Would you print the lines below exactly, beginning at the line that has "Mortgage book for" and stopping after the line that has "Damen elegante Uhren"? Only those lines, and no pictures.

- _Material provided_
--*--
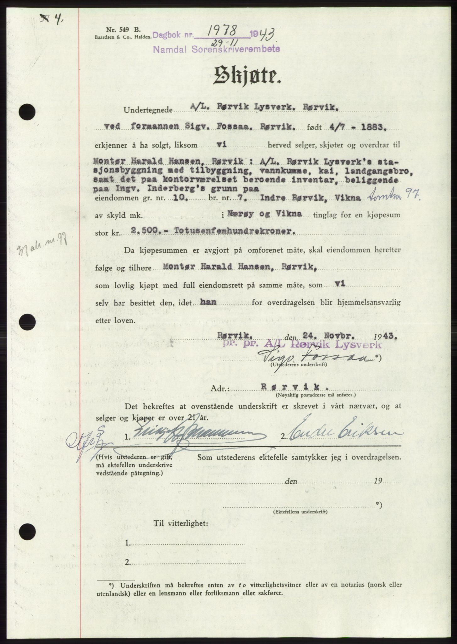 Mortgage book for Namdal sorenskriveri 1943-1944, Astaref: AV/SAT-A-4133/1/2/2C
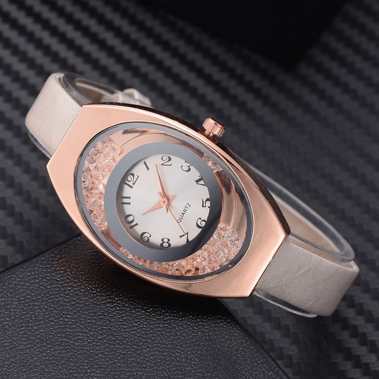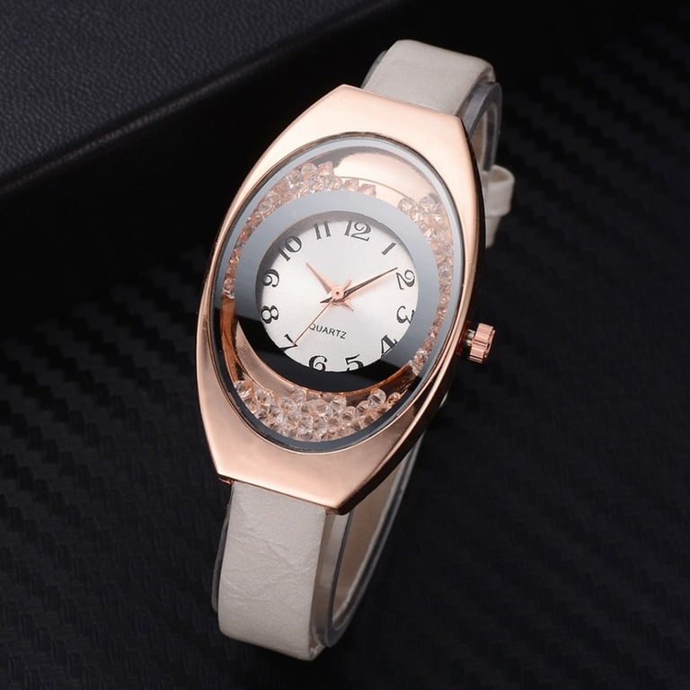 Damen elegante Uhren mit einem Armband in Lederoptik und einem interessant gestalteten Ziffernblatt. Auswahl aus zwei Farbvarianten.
--*--
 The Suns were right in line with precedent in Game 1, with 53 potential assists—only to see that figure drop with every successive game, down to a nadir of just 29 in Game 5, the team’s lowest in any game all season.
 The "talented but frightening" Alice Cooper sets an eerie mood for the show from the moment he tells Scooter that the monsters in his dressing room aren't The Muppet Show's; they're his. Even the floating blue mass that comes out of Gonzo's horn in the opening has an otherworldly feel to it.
--*--
- _Solved problem_
 Mortgage book for Namdal sorenskriveri 1943-1944, Astaref: AV/SAT-A-4133/1/2/2C
 Damen elegante Uhren mit einem Armband in Lederoptik und einem interessant gestalteten Ziffernblatt. Auswahl aus zwei Farbvarianten.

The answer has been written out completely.